• ASSIGNED TASK: Beneath this instruction is a listing; print exactly the lines in it starting at the line that contains "Compacto e eficiente, converte" and going through the line that contains "Раллийный гонщик Кен".

• LISTED RECORDS:
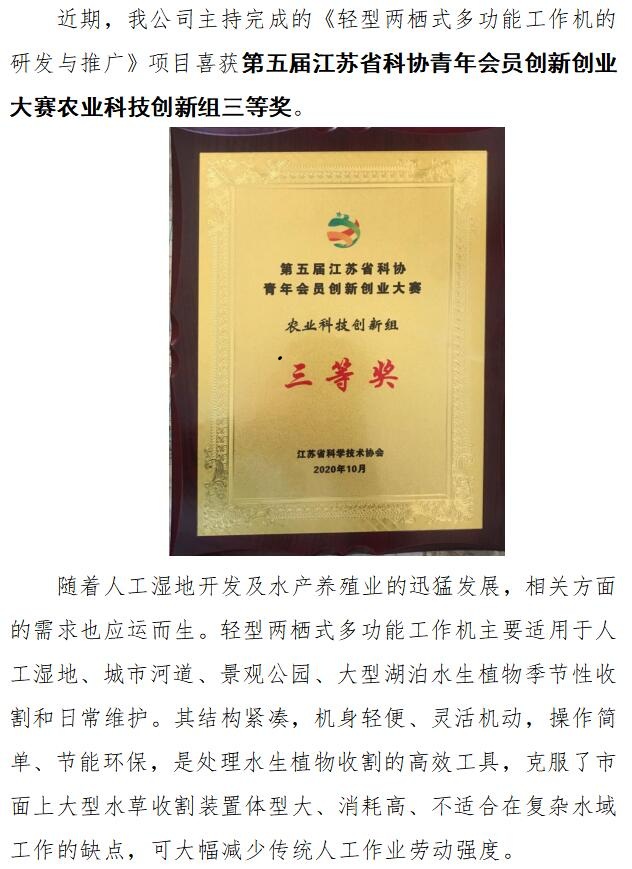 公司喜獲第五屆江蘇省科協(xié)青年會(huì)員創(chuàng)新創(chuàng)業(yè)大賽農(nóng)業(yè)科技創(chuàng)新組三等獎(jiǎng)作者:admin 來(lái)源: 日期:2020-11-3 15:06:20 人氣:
---
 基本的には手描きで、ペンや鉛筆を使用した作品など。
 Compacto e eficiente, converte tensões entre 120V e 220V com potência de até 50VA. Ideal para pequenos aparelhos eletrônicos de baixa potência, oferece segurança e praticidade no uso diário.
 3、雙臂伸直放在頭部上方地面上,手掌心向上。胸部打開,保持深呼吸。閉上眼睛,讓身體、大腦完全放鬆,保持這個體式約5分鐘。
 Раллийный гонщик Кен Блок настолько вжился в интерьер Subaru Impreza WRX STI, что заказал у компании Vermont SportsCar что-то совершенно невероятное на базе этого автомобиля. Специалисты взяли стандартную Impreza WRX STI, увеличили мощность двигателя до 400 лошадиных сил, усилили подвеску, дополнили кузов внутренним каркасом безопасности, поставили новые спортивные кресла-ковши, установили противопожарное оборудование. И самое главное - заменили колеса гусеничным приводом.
--
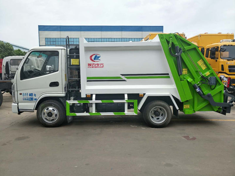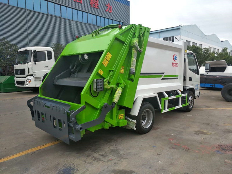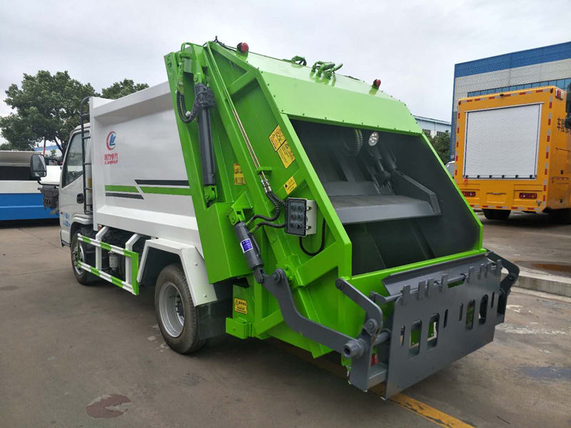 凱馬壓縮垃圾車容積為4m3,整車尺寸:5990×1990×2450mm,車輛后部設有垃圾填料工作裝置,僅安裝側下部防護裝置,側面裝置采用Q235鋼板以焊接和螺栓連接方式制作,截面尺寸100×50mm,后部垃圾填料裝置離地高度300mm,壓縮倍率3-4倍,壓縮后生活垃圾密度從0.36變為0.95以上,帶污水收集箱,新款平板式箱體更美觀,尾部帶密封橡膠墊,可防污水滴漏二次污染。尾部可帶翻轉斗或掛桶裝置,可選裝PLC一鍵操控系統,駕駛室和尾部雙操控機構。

• SOLUTION BELOW:
 Compacto e eficiente, converte tensões entre 120V e 220V com potência de até 50VA. Ideal para pequenos aparelhos eletrônicos de baixa potência, oferece segurança e praticidade no uso diário.
 3、雙臂伸直放在頭部上方地面上,手掌心向上。胸部打開,保持深呼吸。閉上眼睛,讓身體、大腦完全放鬆,保持這個體式約5分鐘。
 Раллийный гонщик Кен Блок настолько вжился в интерьер Subaru Impreza WRX STI, что заказал у компании Vermont SportsCar что-то совершенно невероятное на базе этого автомобиля. Специалисты взяли стандартную Impreza WRX STI, увеличили мощность двигателя до 400 лошадиных сил, усилили подвеску, дополнили кузов внутренним каркасом безопасности, поставили новые спортивные кресла-ковши, установили противопожарное оборудование. И самое главное - заменили колеса гусеничным приводом.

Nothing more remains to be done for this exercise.